This Book Changed My Life 🐟

📚 Book: This Is Water

🧔 Author: David Foster Wallace

🤷‍♂️ In 1 sentence: This book will take you less than 30 minutes to read and teach you how to react to life with empathy and kindness.

💡Quotes that stuck with me:

“There are these two young fish swimming along and they happen to meet an older fish swimming the other way, who nods at them and says, ‘Morning, boys. How’s the water?’ And the two young fish swim on for a bit, and then eventually one of them looks over at the other and goes, ‘What the hell is water?’”

“But the fact is that, in the day-to-day trenches of adult existence, banal platitudes can have a life-or-death importance.”

“It’s about the real value of real education, which has nothing to do with grades or degrees and everything to do with simple awareness – awareness of what is so real and essential, so hidden in plain sights all around us, that we have to keep reminding ourselves over and over: ‘This is water. This is water.’”

“The capital-T Truth is about life before death. It is about making it to thirty, or maybe even fifty, without wanting to shoot yourself in the head.”

💭 My experience with this book

It’s not actually a book, it’s a speech. And I didn’t read it the first time I came across it, I heard it in this YouTube video.

But at the ripe age of 24, this video couldn’t have come sooner. For months after seeing it, I repeated the speech’s title, “this is water” over and over in my head and under my breath, as I forced myself through “the day-to-day trenches of adult existence.”

The speech’s main takeaway is to ‘learn how to think’. In other words, you can choose how you think about something. You can choose to react to a situation by jumping to conclusions and judgements – it’s easy to let your anger explode onto the entitled, fucking asshole that dangerously just cut you off in peak hour traffic.

An alternative route of thought and reaction is to just fucking take a second and let it the fuck go. You can choose to be empathetic and think, “Hey, that person might have a dad with Alzheimer’s and he’s escaped from their house.

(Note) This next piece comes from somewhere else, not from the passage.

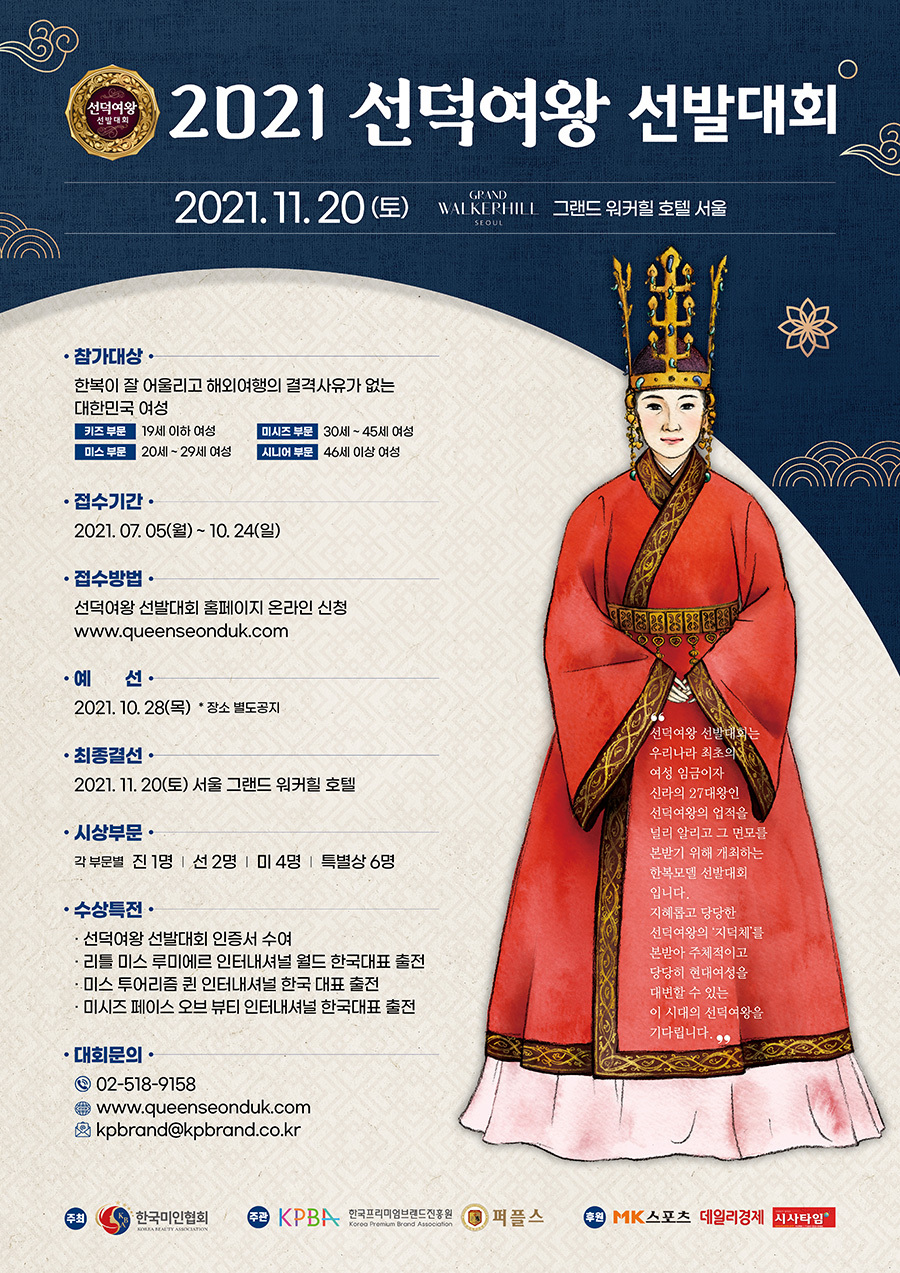 상류층 결혼정보회사 퍼플스가 공식 주관하는 '2021 선덕여왕 선발대회'는 지혜롭고 당당한 선덕여왕의 지덕체를 본받아 주체적인 현대 여성을 대변할 수 있는 이 시대의 선덕여왕을 선발하는 대회입니다. 각 부문의 수상자분들은 한국의 홍보대사로서 현대 여성을 대변하며 세계 미인들의 대제전 월드대회에 대한민국 대표로 출전할 수 있는 영광스러운 기회가 주어집니다.
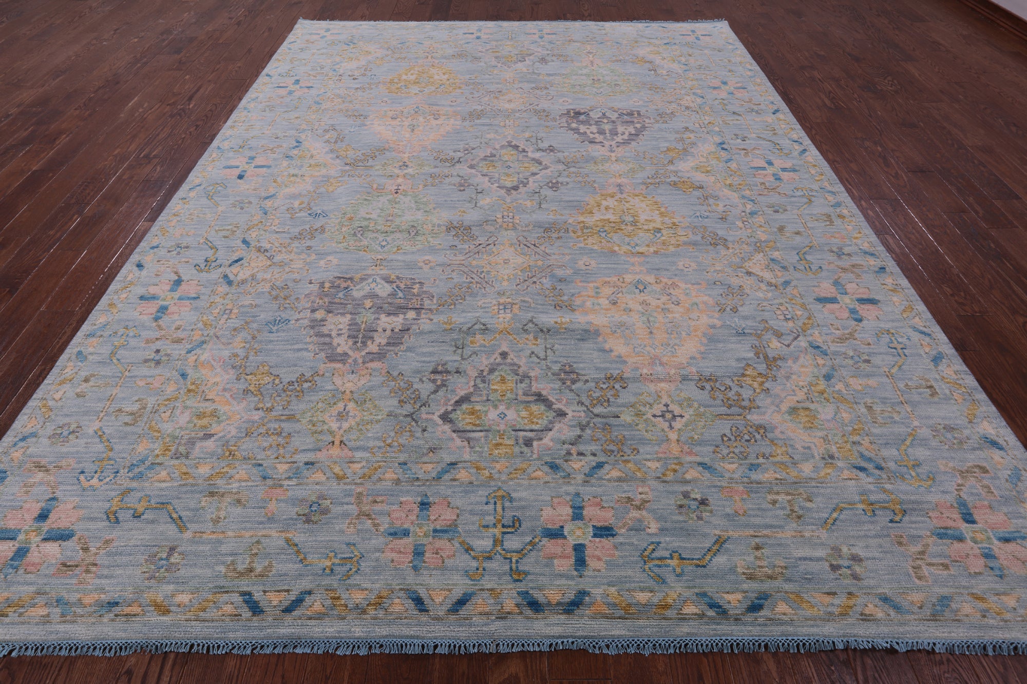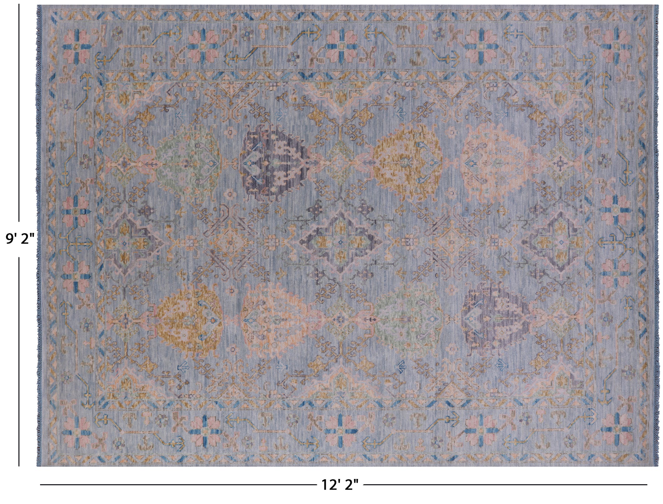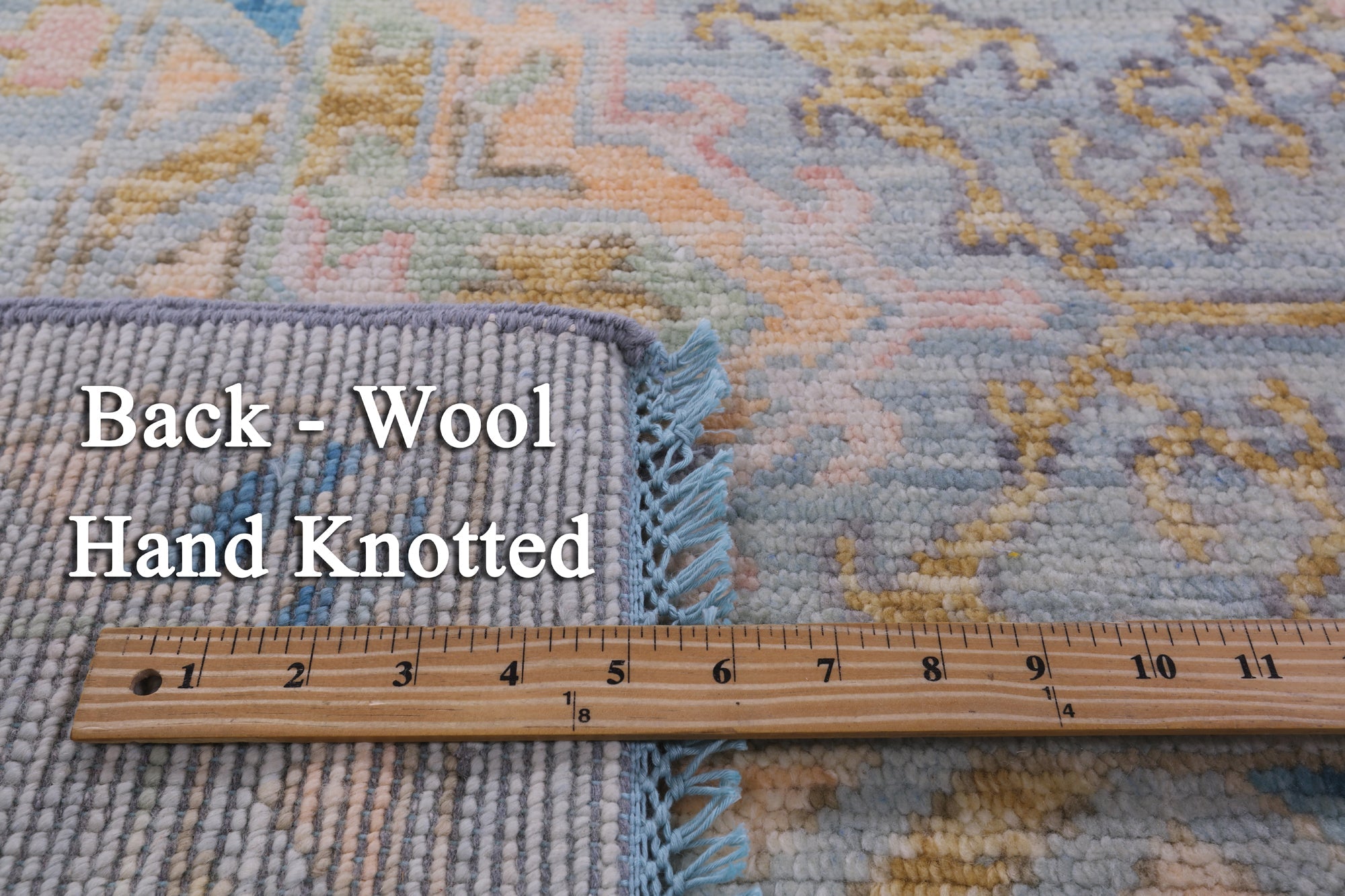 Blue Turkish Angora Oushak Hand Knotted Wool Rug 9' 2" X 12' 2" - Q19055

Someone has just found him wandering several miles away and now this person needs to get to him fast because their dad is lost and scared, and so are they.’ It seems unlikely, but I’ve been that asshole for that reason… and I’ve also been an asshole for no good reason at all.

Where is the rage going to get you when you let it take over? I have let my rage ruin countless days, push people away, make dents in my wall and ultimately make me hate myself even more.

After reading this book, I began choosing how to think. This is an example of how I think on good days, ‘I have no idea why this shop assistant is being rude to me, but it’s likely not about me. This person is having a shit day or month or year and I feel for them. I hope their day gets better.’

On a bad day, I’ll let one tiny interaction completely derail my day. In turn, my petulance probably ruins other people’s days. Everyone loses.

I guess the wisdom of “This Is Water” is about living with others in a way to allows you to live with yourself. Having said that, David Foster Wallace tragically took his own life in 2008. He was only 46. He did not make it to “fifty, without wanting to shoot [himself] in the head.” But I think he really tried, which is all we can do.